A Practical Guide to Testing
Author: James A. Whittaker
Publisher: Addison-Wesley
ISBN: 9780201796193
Category: Computers
Page: 178
View: 7402
DOWNLOAD NOW »
CD-ROM contains: Canned HEAT v.2.0 -- Holodeck Lite v. 1.0.

How to Break Software Security

Effective Techniques for Security Testing
Author: James A. Whittaker,Herbert H. Thompson
Publisher: Addison-Wesley
ISBN: 9780321194336
Category: Computers
Page: 185
View: 4967
DOWNLOAD NOW »
Learn how to destroy security bugs in your software from a tester's point-of-view. It focuses your security test on the common vulnerabilities--ther user interface, software dependencies, design, process and memory. (Midwest)

Exploratory Software Testing

Tips, Tricks, Tours, and Techniques to Guide Test Design
Author: James A. Whittaker
Publisher: Pearson Education
ISBN: 9780321647856
Category: Computers
Page: 256
View: 9608
DOWNLOAD NOW »
How to Find and Fix the Killer Software Bugs that Evade Conventional Testing In Exploratory Software Testing, renowned software testing expert James Whittaker reveals the real causes of today’s most serious, well-hidden software bugs--and introduces powerful new “exploratory” techniques for finding and correcting them. Drawing on nearly two decades of experience working at the cutting edge of testing with Google, Microsoft, and other top software organizations, Whittaker introduces innovative new processes for manual testing that are repeatable, prescriptive, teachable, and extremely effective. Whittaker defines both in-the-small techniques for individual testers and in-the-large techniques to supercharge test teams. He also introduces a hybrid strategy for injecting exploratory concepts into traditional scripted testing. You’ll learn when to use each, and how to use them all successfully. Concise, entertaining, and actionable, this book introduces robust techniques that have been used extensively by real testers on shipping software, illuminating their actual experiences with these techniques, and the results they’ve achieved. Writing for testers, QA specialists, developers, program managers, and architects alike, Whittaker answers crucial questions such as: • Why do some bugs remain invisible to automated testing--and how can I uncover them? • What techniques will help me consistently discover and eliminate “show stopper” bugs? • How do I make manual testing more effective--and less boring and unpleasant? • What’s the most effective high-level test strategy for each project? • Which inputs should I test when I can’t test them all? • Which test cases will provide the best feature coverage? • How can I get better results by combining exploratory testing with traditional script or scenario-based testing? • How do I reflect feedback from the development process, such as code changes?

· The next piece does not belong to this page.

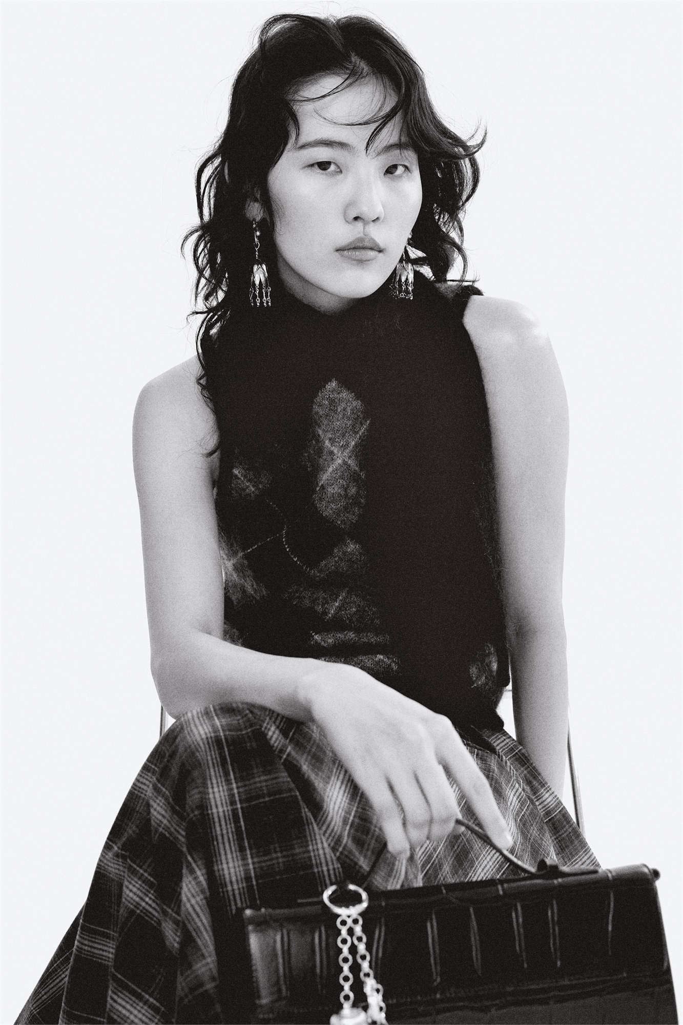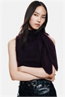 Облегающий топ без рукавов из мягкого трикотажа с содержанием мохера и шерсти. Воротник-шарф с трубчатой отделкой и отверстием для продевания другого конца. Узкая тесьма по подолу.

Web Security Testing Cookbook


Author: Brian Hope,Paco Hope,Ben Walther
Publisher: "O'Reilly Media, Inc."
ISBN: 0596514832
Category: Computers
Page: 285
View: 718
DOWNLOAD NOW »
Offering developers an inexpensive way to include testing as part of the development cycle, this cookbook features scores of recipes for testing Web applications, from relatively simple solutions to complex ones that combine several solutions.

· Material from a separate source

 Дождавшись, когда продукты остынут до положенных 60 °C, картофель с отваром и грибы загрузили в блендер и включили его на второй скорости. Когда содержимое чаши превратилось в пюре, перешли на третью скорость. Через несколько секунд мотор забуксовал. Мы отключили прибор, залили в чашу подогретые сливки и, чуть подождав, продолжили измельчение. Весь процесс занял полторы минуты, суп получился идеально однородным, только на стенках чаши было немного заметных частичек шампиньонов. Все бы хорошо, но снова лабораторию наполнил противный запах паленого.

Software Test Attacks to Break Mobile and Embedded Devices


Author: Jon Duncan Hagar
Publisher: CRC Press
ISBN: 146657531X
Category: Computers
Page: 377
View: 6918
DOWNLOAD NOW »
Address Errors before Users Find Them Using a mix-and-match approach, Software Test Attacks to Break Mobile and Embedded Devices presents an attack basis for testing mobile and embedded systems. Designed for testers working in the ever-expanding world of "smart" devices driven by software, the book focuses on attack-based testing that can be used by individuals and teams. The numerous test attacks show you when a software product does not work (i.e., has bugs) and provide you with information about the software product under test. The book guides you step by step starting with the basics. It explains patterns and techniques ranging from simple mind mapping to sophisticated test labs. For traditional testers moving into the mobile and embedded area, the book bridges the gap between IT and mobile/embedded system testing. It illustrates how to apply both traditional and new approaches. For those working with mobile/embedded systems without an extensive background in testing, the book brings together testing ideas, techniques, and solutions that are immediately applicable to testing smart and mobile devices.

Exploiting Software

How to Break Code
Author: Greg Hoglund,Gary McGraw
Publisher: Addison-Wesley Professional
ISBN: 9780201786958
Category: Computers
Page: 471
View: 3763
DOWNLOAD NOW »
A guide to secure software covers such topics as rootkits, buffer overflows, reverse engineering tools, and locating bugs.

How Google Tests Software


Author: James A. Whittaker,Jason Arbon,Jeff Carollo
Publisher: Addison-Wesley
ISBN: 0132851555
Category: Computers
Page: 272
View: 8643
DOWNLOAD NOW »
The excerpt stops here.